"Vice President Dick Cheney said last week that Hamas is doing all it can to torpedo the Mideast peace process -- but Ephraim Halevy, former head of Mossad, thinks it's time to include the Islamist group in peace talks. Who's right?" This is the question posted to panelists by PostGlobal.
I think that it is now too late to talk peace with Hamas. 2005 would have been good. 2006 would have been perfect. But not anymore. Not in 2007-2008.
One reason is that Hamas is no longer interested. When elected with a sweeping majority, the Gaza-based Hamas leadership was dying for international recognition -- not as guerrilla warriors but as statesmen. The same thing had happened back in 1974 to Yasser Arafat, where he went to the United Nations to market himself as both a peacemaker and war-maker, raising the famous, "I come to you carrying an olive branch and a freedom fighter's gun. Don't let the olive branch fall from my hand."
Arafat never believed that sentence, not for a single moment. This is what he needed to say, however, to restore bits and pieces of Palestine. Arafat was fighting for a just cause, and sick and tired of being treated like an A-class terrorist by the international community.

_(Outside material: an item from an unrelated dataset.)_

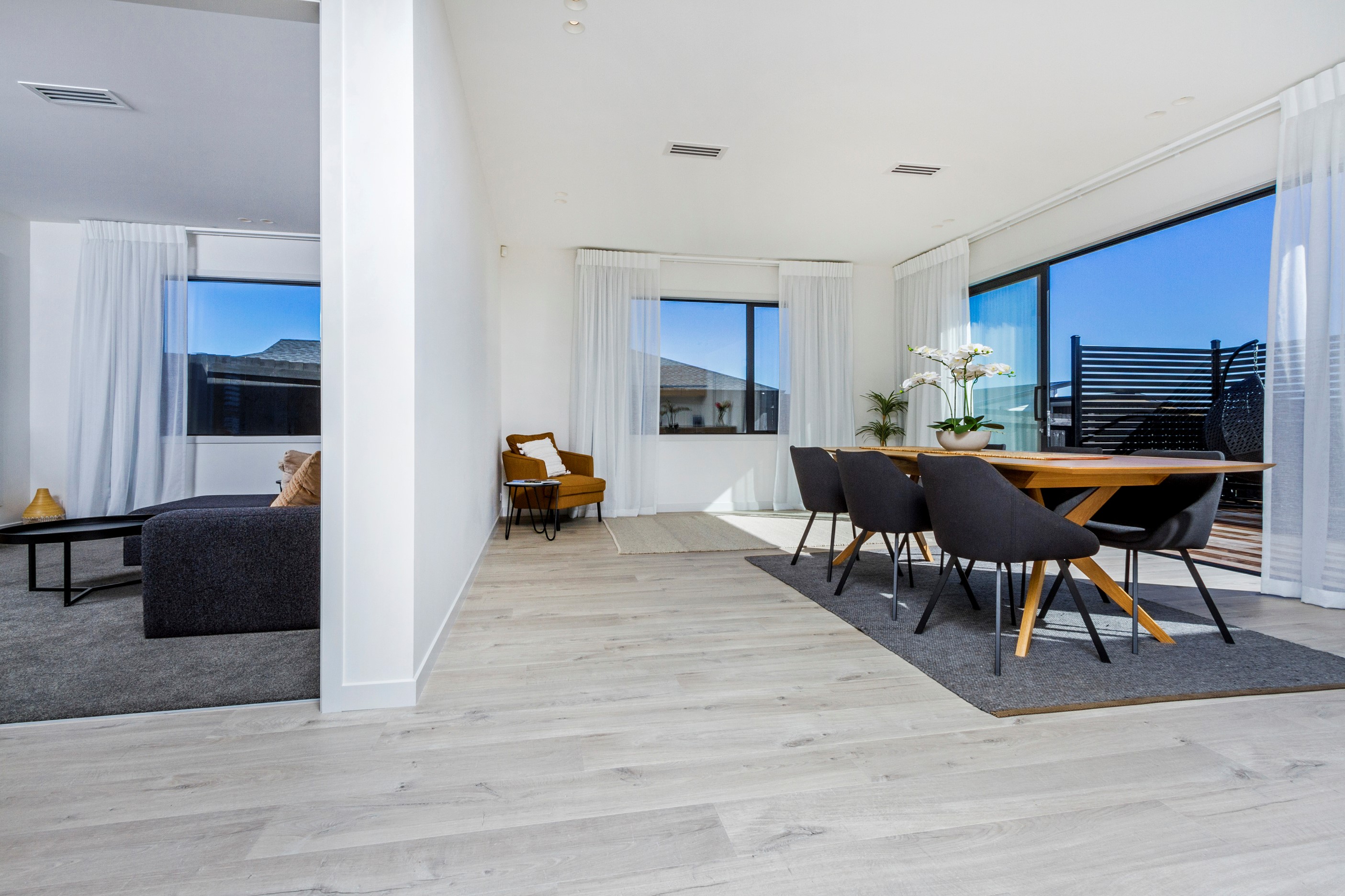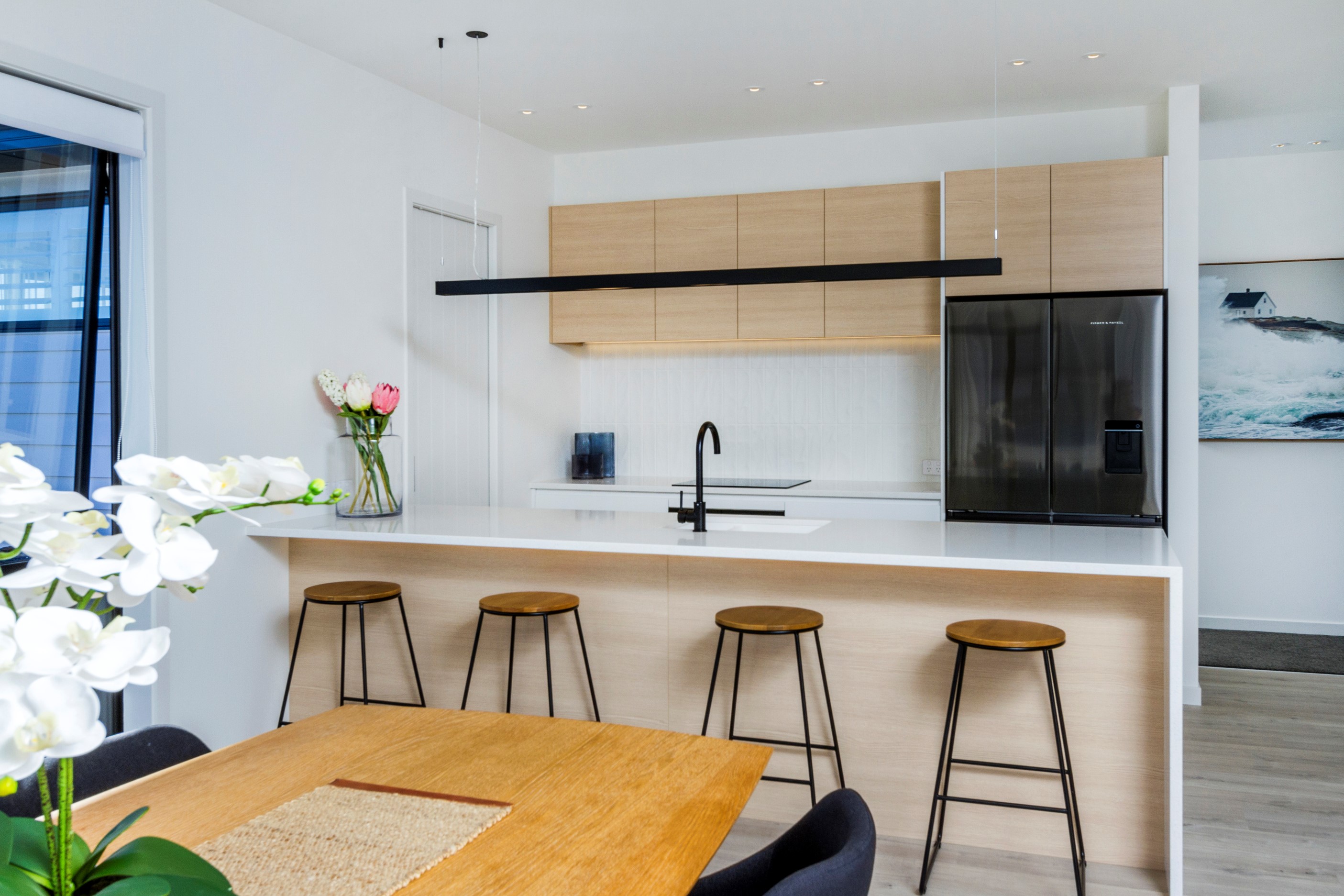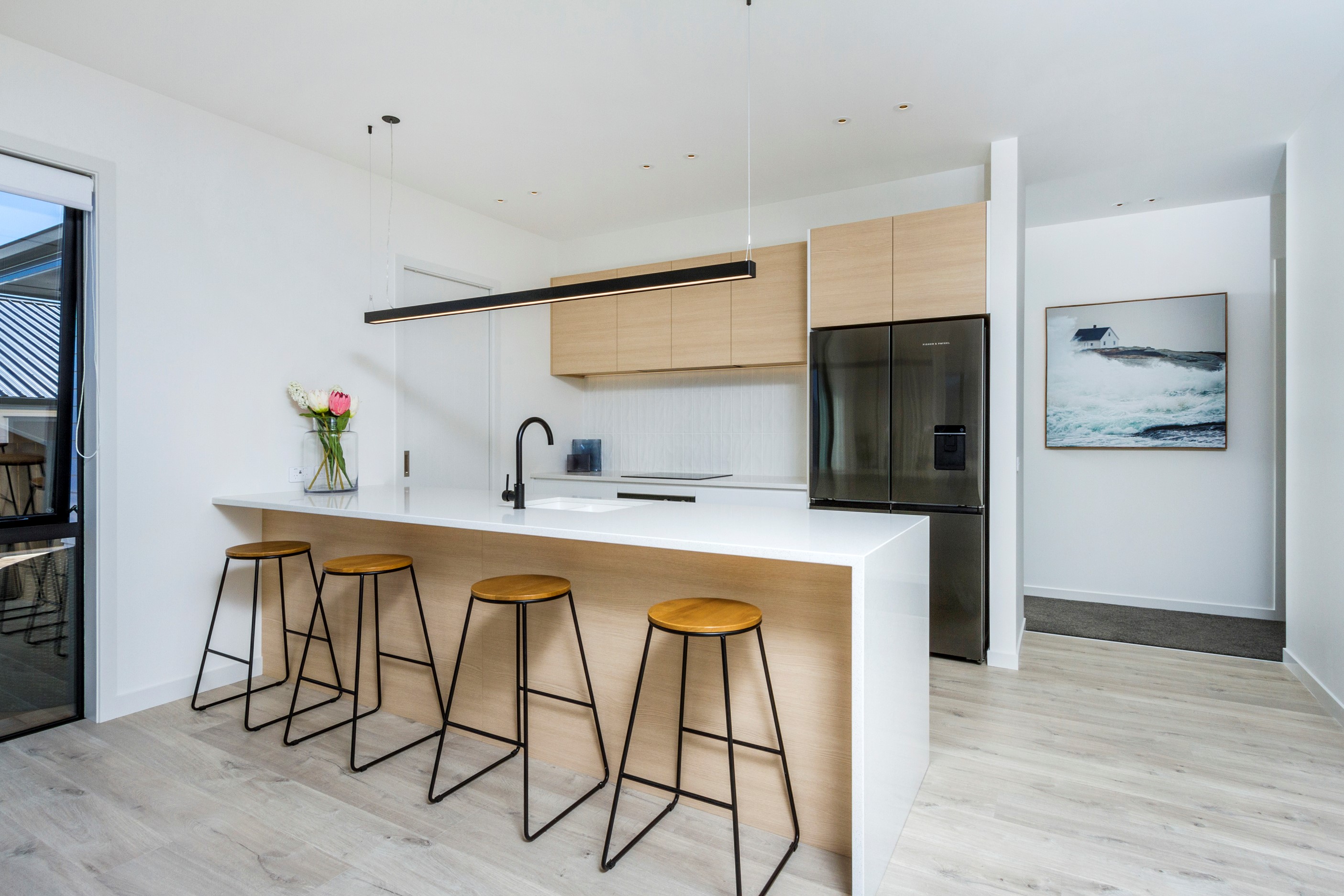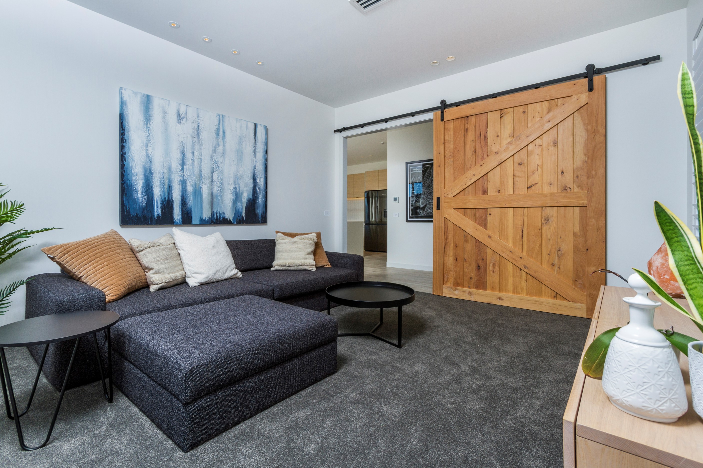 This smart house in Auckland’s northern suburbs is T-shaped. It’s fitting, given that the 170sqm property is tasteful, timeless and illustrates the builders’ talent and attention to detail. It’s also a terrific example of a family home done well. A custom-made horizontal cedar gable front and matching entry hammers home the points. It’s partly the combination of timber weatherboard with dark accents and roofing that gives the four-bedroom home instant street appeal. That charm extends indoors where it’s clear that clever design and positioning maximise all-day sun. What better place to enjoy it than a deck that extends from the living and dining space, as well as the main bedroom. You’ll be surprised by some of the extras on offer. As well as four bedrooms, there’s a home theatre and a barn door crafted in macrocarpa. The latter dovetails nicely with the timber of the furniture and the kitchen cabinetry. You can’t go wrong with a white-and-wood aesthetic. You’ll also find an internal-access double garage with laundry, full-height tiling in the family bathroom and main-bedroom ensuite, a tasteful natural palette and quality fixtures throughout. T is also for top-notch.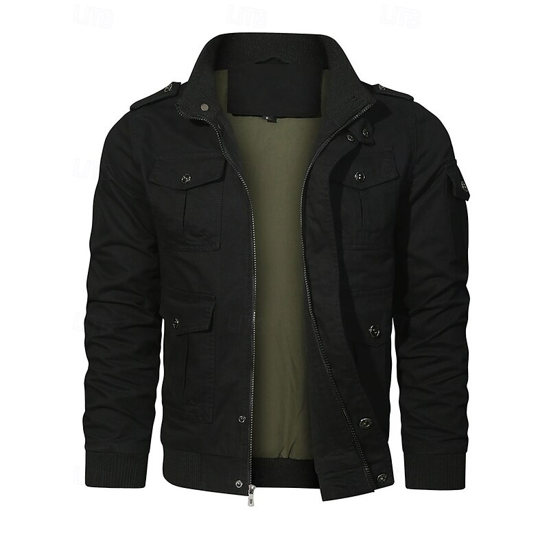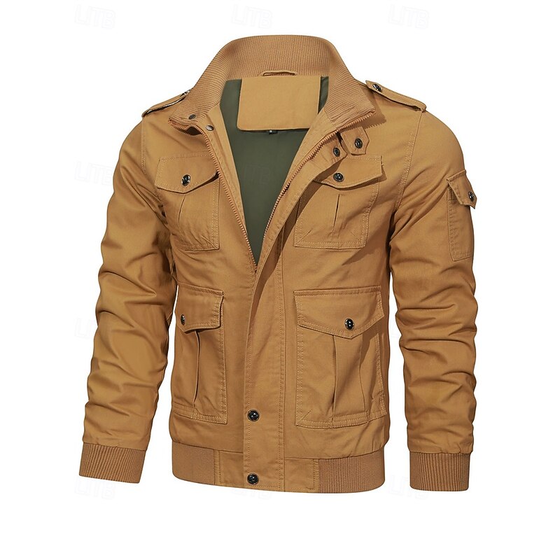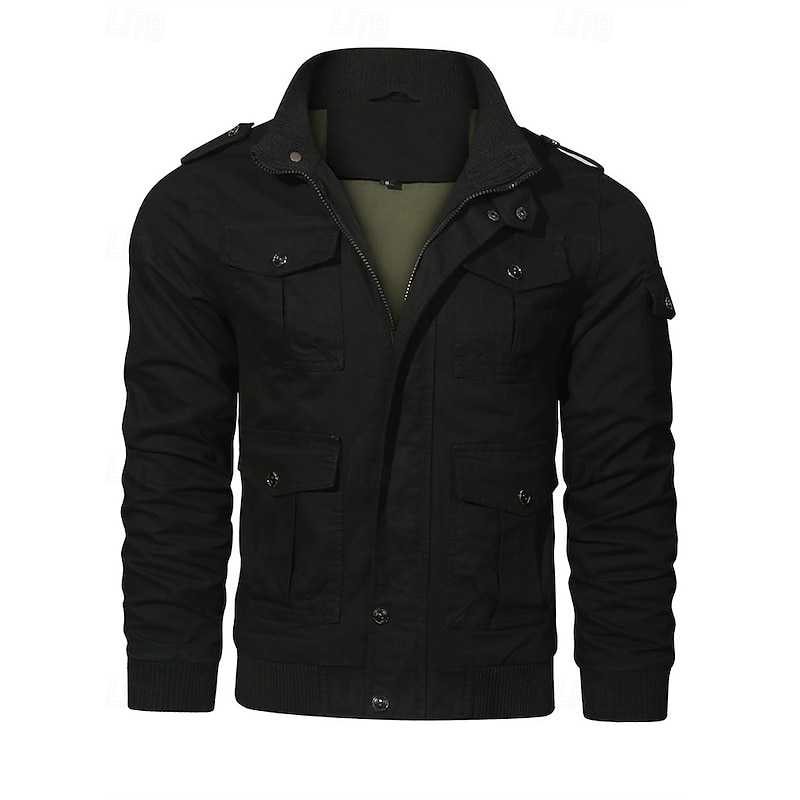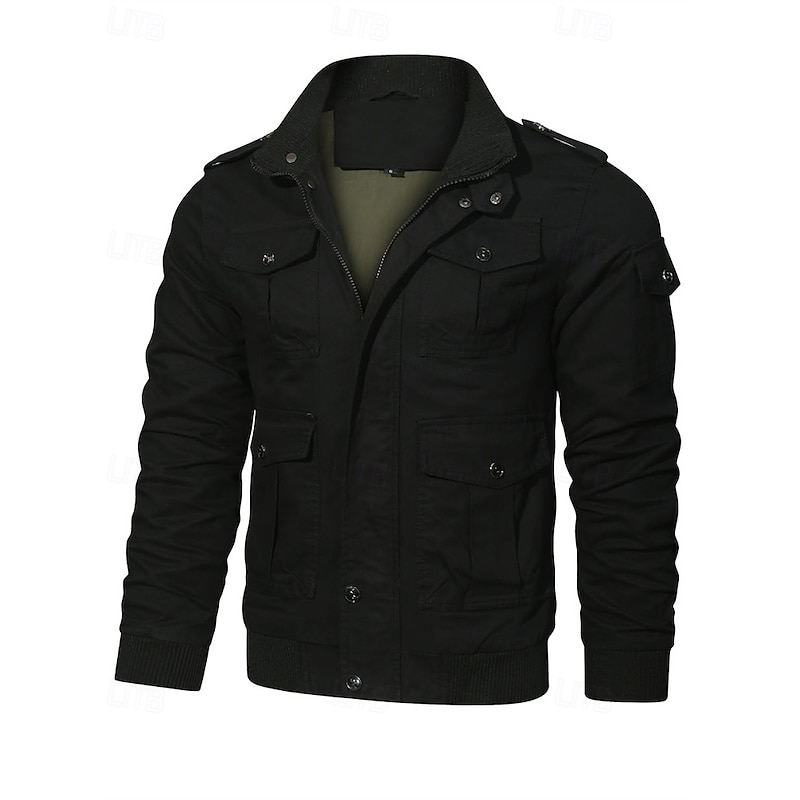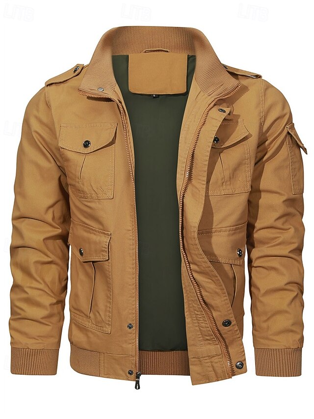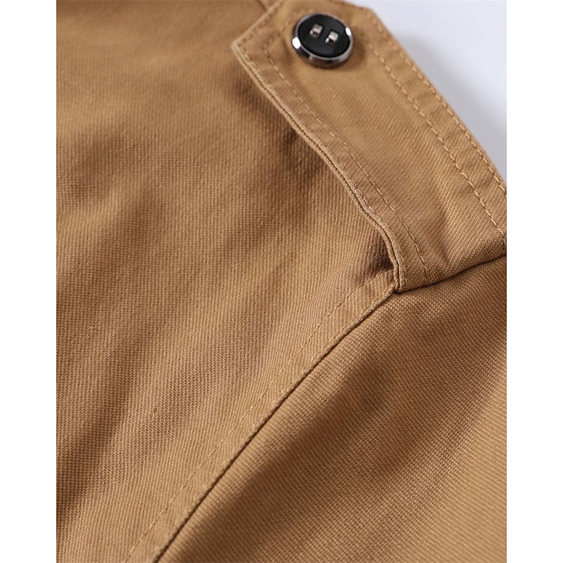 More information about Men's Trucker Jacket Cargo Jacket Casual Jacket Vacation Daily Pocket Spring Fall Plain Fashion Classic Stand Collar Regular Black Khaki Army Green Jacket

He knew he could never destroy Israel and return to the Palestine of 1948. He raised this slogan right after the War of 1967 to legitimize himself in the eyes of ordinary Palestinians, and then to negotiate something more reasonable with Israel. He couldn't do the latter without war medals: He needed to show the Israelis that the Palestinians existed, were under his leadership, and were willing to go to dramatic means to get themselves heard outside their own borders.
This is the period that produced the Karameh Battle of 1969, the Dawson Airfield hijackings of 1970, the Munich massacre of 1972, and the war of attrition through South Lebanon. Arafat succeeded in attaining getting recognition for the Palestinians and went on to the UN in 1974, but was unable to come across as a peacemaker until after the Madrid Peace Conference (to which he was not invited because of his support for Saddam Hussein during the Gulf War).
Much of the Arafat story applies to Hamas. When Arafat signed the Oslo Peace Accords in 1993, many criticized his wisdom. But nobody in the Palestinian street questioned his nationalism. Nobody said that he was a traitor -- and with time, people accepted what Arafat had done out of helplessness rather than conviction. He would famously tell his aides, "See this hand? (while waving his right hand)...Only this hand can sign peace with the Israelis!" That became all the more clear after his death in 2004. Nobody in the Palestinian street had the legitimacy of Yasser Arafat except Hamas. They had fought, suffered, led, and preached the most for Palestine since their inception in the late 1980s.
Abu Mazen (current President Mahmud Abbas) had absolutely no war medals to boast of, just his signature on the much hated Oslo Accords. The same applied to then Prime Minister Ahmad Qurai (Abu Alaa) and other Fatah celebrities like Saeb Erekat, Nabil Shaath, and Yasser Abd Rabbo. The only Fatah heavyweights who had the legitimacy to talk and sign peace then get away with it were Marwan Barghouti (who was in jail) and Farouk Qaddumi (Abu al-Lutf), who was in exile in Tunis.
Hamas's leaders on the other hand were uncorrupted. They had an unblemished record (even finer than Arafat's when he went to Oslo). They had plenty of war medals.